One of the most intriguing revelations from Apple’s study is the counterintuitive scaling limit in LRMs. As problem complexity increases, the models initially ramp up their reasoning effort, generating longer and more detailed thought processes. However, beyond a certain threshold, their effort inexplicably declines, even when they have ample computational resources (or token budgets) to continue. This suggests an inherent limitation in how these models allocate compute power, hinting at deeper architectural flaws. The researchers also noted that LRMs struggle with exact computation, failing to leverage explicit algorithms even when provided with them. For instance, when given the solution algorithm for the Tower of Hanoi, the models showed no improvement in performance. This inability to consistently apply logical rules across different puzzles—evidenced by their ability to make 100 correct moves in Tower of Hanoi but only five in River Crossing—further underscores their lack of generalizable reasoning.

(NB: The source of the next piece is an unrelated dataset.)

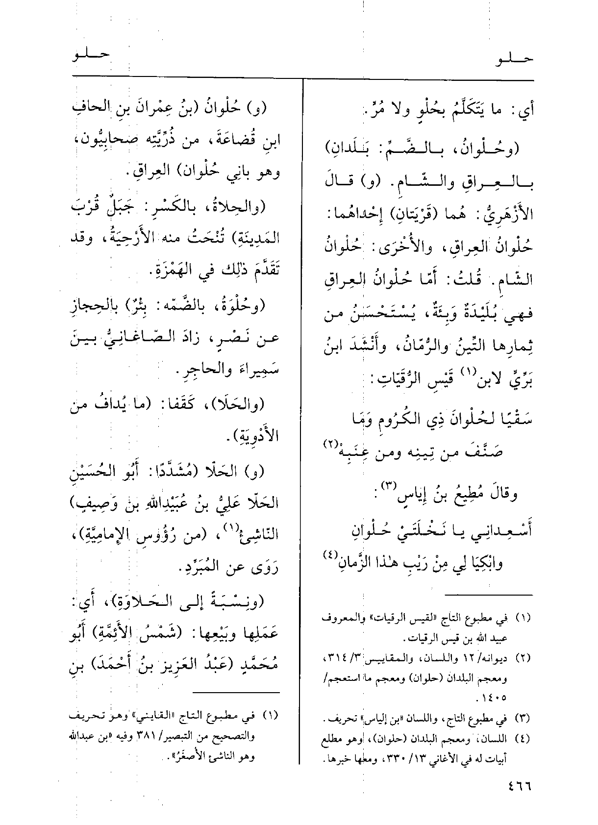 قُلْتُ: أَمَّا حُلْوانُ العِراقِ فَهِيَ بُلَيْدةٌ وَبِئَةٌ يُسْتَحْسن من ثمارِها التِّين والرُّمَّان؛ وأَنْشَدَ ابنُ برِّي لقَيْس الرُّقيّات:

Delving deeper into the reasoning traces, Apple’s team identified distinct performance regimes based on problem complexity. At low complexity, LRMs tend to overthink, wasting computational effort on problems that standard LLMs solve more efficiently. At moderate complexity, the additional reasoning steps in LRMs provide a clear advantage, aligning with the improvements seen in benchmarks. However, at high complexity, both LRMs and standard LLMs experience a total accuracy collapse, unable to navigate the intricate demands of the tasks. These patterns reveal a troubling inconsistency in how LRMs approach problem-solving, oscillating between inefficient overthinking and complete failure depending on the context. Such findings challenge the prevailing narrative that more sophisticated self-reflection mechanisms will inevitably lead to better reasoning capabilities.

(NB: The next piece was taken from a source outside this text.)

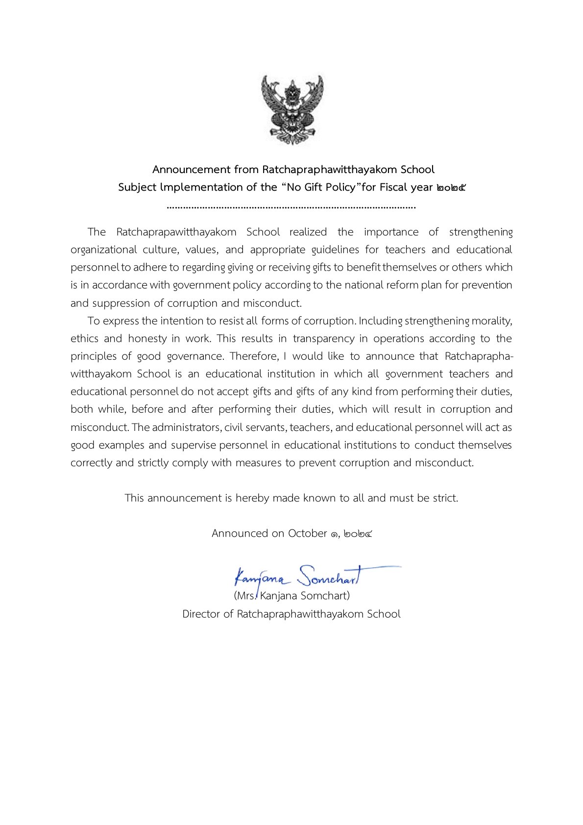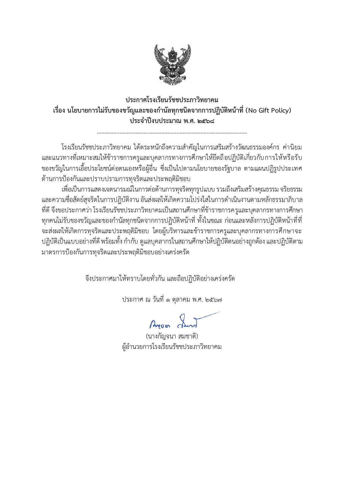 ประกาศเจตนารมณ์และการสร้างวัฒนธรรมตามนโยบาย No Gift Policy

Apple’s critical stance on LRMs also invites scrutiny of their own AI ecosystem. Despite their rigorous research, products like Siri and Apple Intelligence are widely regarded as lagging behind competitors such as Google Assistant or OpenAI’s offerings. Siri, in particular, has been criticized for its limited understanding and clunky user experience, while Apple Intelligence—Apple’s broader AI initiative—has yet to make a significant impact. This raises an important question: is Apple’s skepticism toward LRMs a reflection of broader industry challenges, or does it stem from their own struggles to innovate in this space? Their research may be a way to deflect attention from internal shortcomings, positioning them as thought leaders in identifying AI’s limitations rather than pioneers in overcoming them.
The implications of Apple’s findings extend far beyond their own products, casting a shadow over the AI industry’s rush to develop ever-larger reasoning models. If LRMs indeed face fundamental barriers to generalizable reasoning, as the study suggests, then current approaches may need a radical rethink. The researchers themselves acknowledge that their work raises more questions than answers, particularly around why LRMs fail at exact computation and why their reasoning effort diminishes at critical complexity thresholds. They call for future investigations into these anomalies, suggesting that understanding the computational behavior and reasoning patterns of LRMs could unlock new pathways for development—or reveal insurmountable limits.

Apple’s critique of Large Reasoning Models serves as a sobering reminder that AI, for all its advancements, remains far from achieving human-like reasoning. Their controlled experiments with puzzle environments have exposed critical weaknesses in how these models process complexity, challenging the assumption that more compute or more sophisticated mechanisms will inevitably lead to better outcomes. As the AI community grapples with these insights, the path forward may require not just technical innovation but a deeper philosophical reckoning with what “thinking” truly means for machines. For now, Apple’s research stands as both a warning and a call to action: the illusion of thought in AI is a powerful one, but illusions, by their nature, are not reality.